**DATA PROVIDED**
==============================

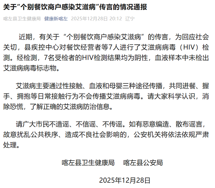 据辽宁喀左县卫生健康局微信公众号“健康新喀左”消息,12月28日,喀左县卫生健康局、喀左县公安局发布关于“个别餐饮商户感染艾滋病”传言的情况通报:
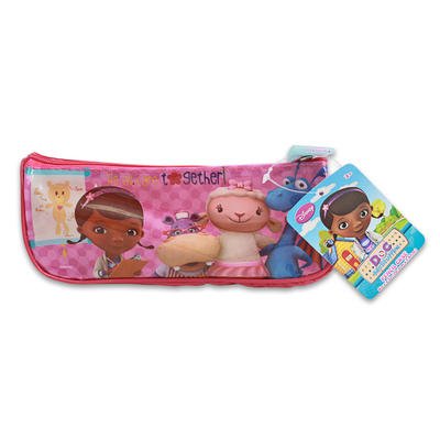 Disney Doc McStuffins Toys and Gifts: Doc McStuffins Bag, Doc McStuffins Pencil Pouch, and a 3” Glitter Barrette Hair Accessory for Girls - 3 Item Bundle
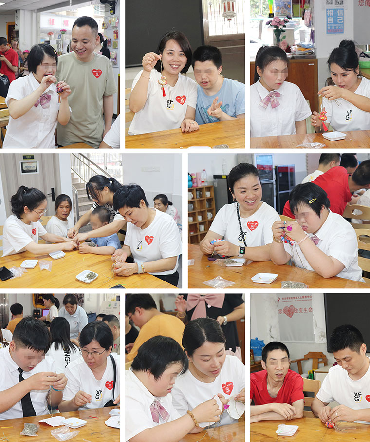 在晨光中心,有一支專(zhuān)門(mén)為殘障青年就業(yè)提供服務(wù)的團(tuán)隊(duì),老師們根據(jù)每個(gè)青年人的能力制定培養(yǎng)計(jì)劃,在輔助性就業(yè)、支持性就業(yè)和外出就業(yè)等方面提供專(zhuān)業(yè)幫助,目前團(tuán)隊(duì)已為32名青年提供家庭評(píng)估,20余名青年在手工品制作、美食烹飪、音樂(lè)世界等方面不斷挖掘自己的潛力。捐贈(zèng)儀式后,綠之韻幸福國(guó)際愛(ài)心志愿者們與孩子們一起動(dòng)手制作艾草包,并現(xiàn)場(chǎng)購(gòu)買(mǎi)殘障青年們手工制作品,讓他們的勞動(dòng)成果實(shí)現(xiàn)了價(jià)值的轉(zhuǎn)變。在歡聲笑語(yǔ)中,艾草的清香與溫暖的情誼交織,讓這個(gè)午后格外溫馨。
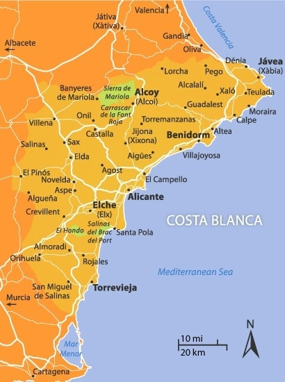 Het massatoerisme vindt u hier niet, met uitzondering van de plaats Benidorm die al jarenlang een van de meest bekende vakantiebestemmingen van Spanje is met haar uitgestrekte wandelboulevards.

==============================

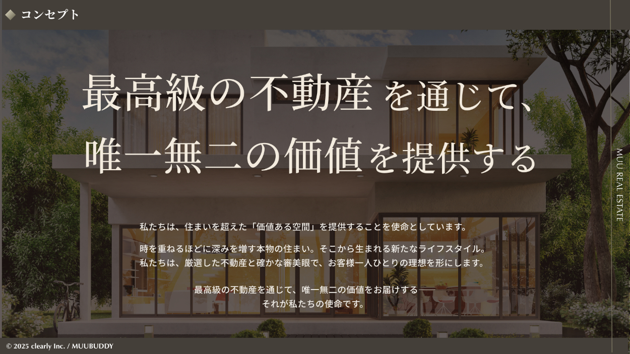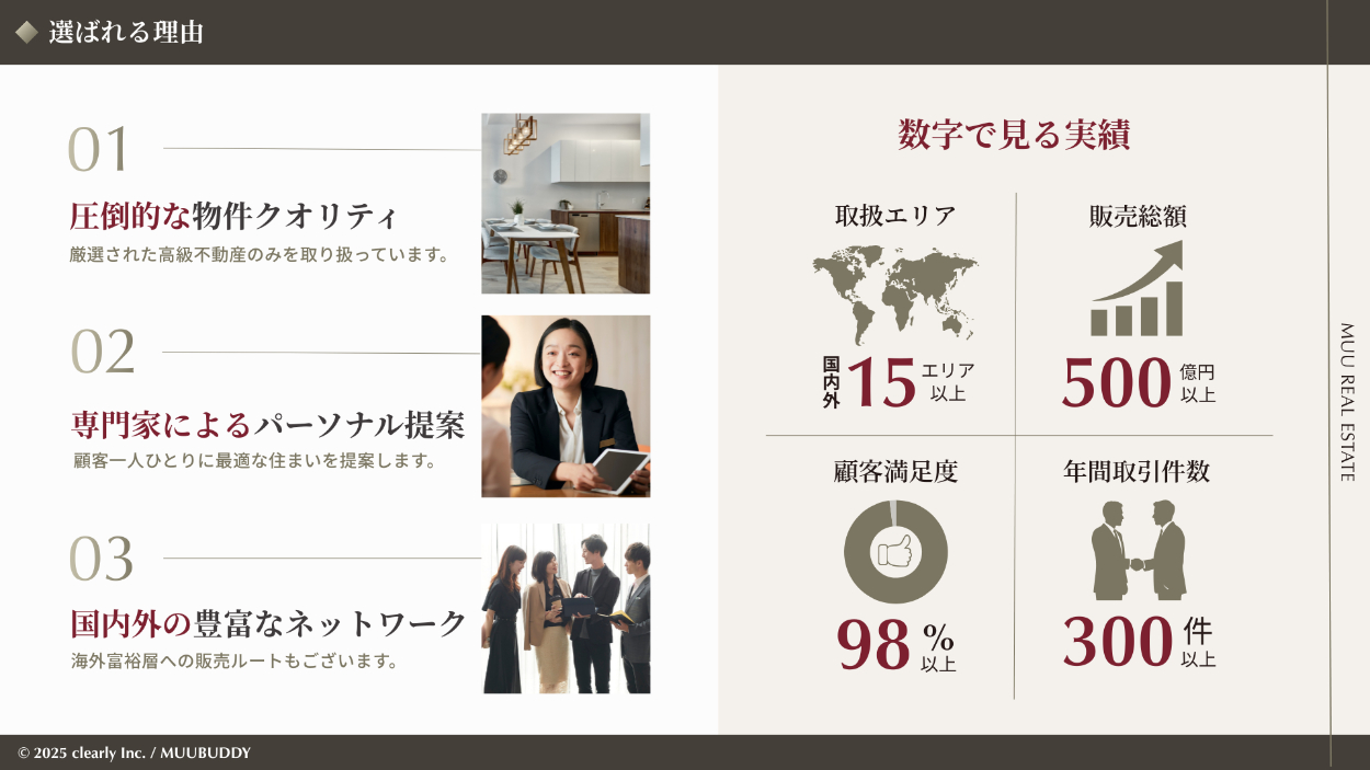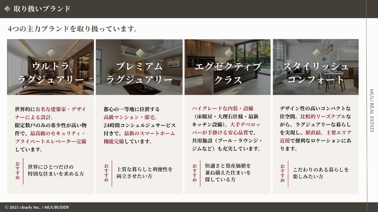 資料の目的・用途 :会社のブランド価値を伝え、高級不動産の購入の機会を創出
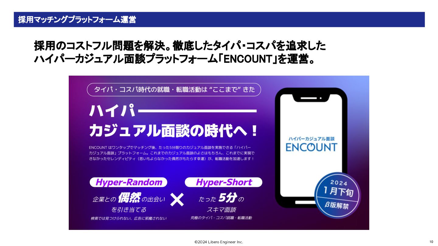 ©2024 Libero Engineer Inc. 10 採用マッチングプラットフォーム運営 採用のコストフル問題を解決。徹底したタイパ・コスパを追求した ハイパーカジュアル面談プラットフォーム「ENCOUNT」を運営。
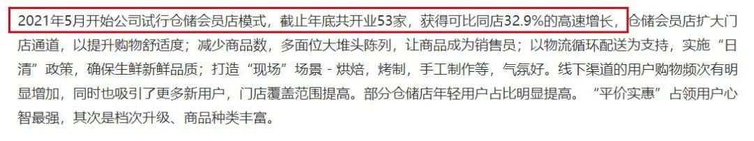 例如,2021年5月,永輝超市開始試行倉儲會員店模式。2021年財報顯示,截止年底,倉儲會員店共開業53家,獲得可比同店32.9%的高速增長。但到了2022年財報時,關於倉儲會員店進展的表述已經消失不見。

==============================

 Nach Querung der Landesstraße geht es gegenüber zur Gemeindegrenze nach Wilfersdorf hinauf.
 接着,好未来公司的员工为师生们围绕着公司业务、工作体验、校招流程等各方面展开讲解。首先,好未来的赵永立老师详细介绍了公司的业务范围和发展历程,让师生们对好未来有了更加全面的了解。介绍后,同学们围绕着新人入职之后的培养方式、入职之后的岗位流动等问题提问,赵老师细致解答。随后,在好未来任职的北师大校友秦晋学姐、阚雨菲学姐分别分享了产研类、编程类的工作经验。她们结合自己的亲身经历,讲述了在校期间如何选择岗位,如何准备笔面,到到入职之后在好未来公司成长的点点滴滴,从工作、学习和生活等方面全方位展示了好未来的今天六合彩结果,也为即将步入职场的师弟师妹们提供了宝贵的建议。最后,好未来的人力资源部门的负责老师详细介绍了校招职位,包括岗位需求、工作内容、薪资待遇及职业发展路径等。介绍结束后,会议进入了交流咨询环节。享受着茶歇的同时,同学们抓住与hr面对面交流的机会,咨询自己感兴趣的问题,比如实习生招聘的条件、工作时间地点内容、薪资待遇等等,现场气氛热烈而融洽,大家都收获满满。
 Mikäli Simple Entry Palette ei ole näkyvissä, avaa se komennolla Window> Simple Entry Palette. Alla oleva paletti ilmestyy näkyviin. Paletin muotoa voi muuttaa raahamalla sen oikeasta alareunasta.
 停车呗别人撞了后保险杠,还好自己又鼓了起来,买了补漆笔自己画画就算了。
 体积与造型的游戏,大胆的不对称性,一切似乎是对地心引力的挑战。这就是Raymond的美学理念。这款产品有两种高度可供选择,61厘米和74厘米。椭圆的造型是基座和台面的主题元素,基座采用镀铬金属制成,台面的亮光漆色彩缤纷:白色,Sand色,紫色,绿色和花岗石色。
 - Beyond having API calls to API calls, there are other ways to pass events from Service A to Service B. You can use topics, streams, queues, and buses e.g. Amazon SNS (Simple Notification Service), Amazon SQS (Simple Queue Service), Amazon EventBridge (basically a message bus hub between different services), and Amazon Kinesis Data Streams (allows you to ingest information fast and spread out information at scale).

==============================

**WORK ORDER**
Going back over the entries above, copy word for word every line from the one that has "停车呗别人撞了后保险杠,还好自己又鼓了起来,买了补漆笔自己画画就算了。" on through the one that has "- Beyond having".

**OUTPUT FOR THIS EXERCISE**
 停车呗别人撞了后保险杠,还好自己又鼓了起来,买了补漆笔自己画画就算了。
 体积与造型的游戏,大胆的不对称性,一切似乎是对地心引力的挑战。这就是Raymond的美学理念。这款产品有两种高度可供选择,61厘米和74厘米。椭圆的造型是基座和台面的主题元素,基座采用镀铬金属制成,台面的亮光漆色彩缤纷:白色,Sand色,紫色,绿色和花岗石色。
 - Beyond having API calls to API calls, there are other ways to pass events from Service A to Service B. You can use topics, streams, queues, and buses e.g. Amazon SNS (Simple Notification Service), Amazon SQS (Simple Queue Service), Amazon EventBridge (basically a message bus hub between different services), and Amazon Kinesis Data Streams (allows you to ingest information fast and spread out information at scale).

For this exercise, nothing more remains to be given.